Bonus picks: “What’s That Perfume That You Wear” – Jens Lekman; “No Coffee” – Amber Coffman; “Runaway” – Julietta; “Do You Still Love Me?” – Ryan Adams; “No One Like You” – Blue Hawaii; “Still Waking Up” – Tim Darcy; “I Know A Place” – MUNA; “I Promise” – Radiohead; “Keep Walking” – Kelly Lee Owens; “Soothing” – Laura Marling; “Wild Indifference” – Joan Shelley; “Westermarck” – Charly Bliss; “Stellular” – Rose Elinor Dougall; “Sweet Saturn Mine” – The Moonlandingz; “call the police” – LCD Soundsystem; “The Fear” – The Shins; “Old Time” – Willie Nelson; “Ran” – Future Islands; “You Never Come Closer” – Doris; “1234” – Kevin Morby; “There’s a Honey” – Pale Waves; “Baby Luv” – Nilufer Yanya; “Thinning” – Snail Mail

inifinity

Covers: 

“Sorrow” – Paul Shaffer And The World’s Most Dangerous Band (with Jenny Lewis) / “Valerie” – Ra Ra Riot / “Can’t Help Falling in Love” – Beck / “Fragments” – Blondie

For whatever reason, covers dominated my earholes in 2017 and while I have a hard time ranking cover songs in the main countdown, I reserve this slot for trends/miracles that deserve a little bit of time and attention. Back on January 6th, Sorrow” was actually the very first track added to my “2017 Hits” list, which is the year-long collection of tracks from which I draw this countdown. To wrap up the covers portion of this countdown, Blondie checks in with a defiant, goddammit I’m still relevant wave goodbye on her cover of Adam Johnston’s piano ballad.
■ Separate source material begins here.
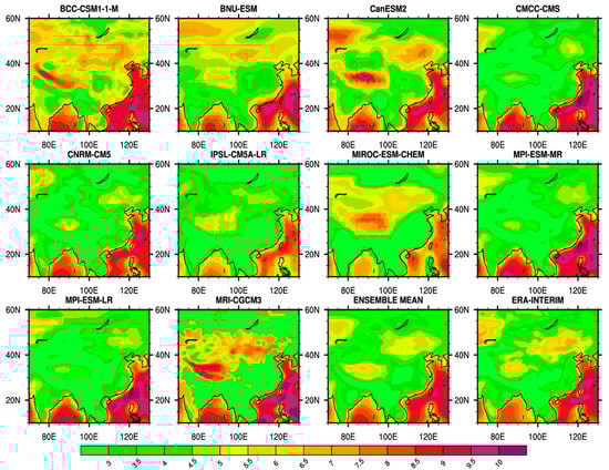 The location agreement for wind speed peaks is relatively higher in the coastal areas of the study domain in the south-east and south-west although there are significant differences in magnitude. For size, all the models also show very high agreement except for the IPSL-CM5A-LR and MIROC-ESM-CHEM which show lesser spatial extents for the coastal areas covering the South China Sea and Bay of Bengal. Over the 30°–50° N belt, however, large differences in size are observed with some models having no wind speed peaks for the entire longitudinal expanse such as MPI-ESM-MR, MPI-ESM-LR, CMCC-CM5, and IPSL-CM5A-LR models. Relative to the reanalysis dataset, BCC-CSM1-1-M, CanESM2, MRI-CGCM3, and BNU-ESM overestimate the mean value, while the ensemble mean appears to moderately underestimate mean values. For the entire study area, BCC-CSM1-1-M, and CanESM2 tended to show higher mean wind speed while MPI-ESM-MR, MPI-ESM-LR lesser magnitudes. The ensemble mean outperforms individual models in capturing the spatial characteristics. Broadly, the mean wind speed ranged from about 8 m/s at the offshore and coastal areas of South China Sea, about 6–7 m/s at the Bay of Bengal region and about 4–5 m/s at most inland areas of the domain.

“Valley Boy” – Wolf Parade

So I cheated and added #101. I couldn’t neglect my boy Spencer Krug, who more than any other indie vocalist sings at the frequency of 30Hz.

 

100

“French Press” – Rolling Blackouts Coastal Fever

Melbourne 80’s indie-rock nostalgists sound like Real Estate and the Strokes at the same time. My birthday wish from 2009 just came true.

 

99

“Heartstruck – Wild Hunger” – Hamilton Leithauser, Angel Olsen

Angel Olsen shares Leithauser’s delicious appreciation for expressive 60’s-leaning vocal styles. The two bounce verses off each other like cunning Rock ‘Em Sock ‘Em linguists.

 

98“T.V. M.A.C.” – Mega Bog

Neo-jam-glam on *ahem* wry toast.

 

97
tie: “If We Were Vampires” – Jason Isbell and the 400 Unit / “Alleyway” – Anna Tivel

This is me. Weeping. Like a baby.

 

96“Let ‘Em Talk” – Kesha (feat. Eagles of Death Metal)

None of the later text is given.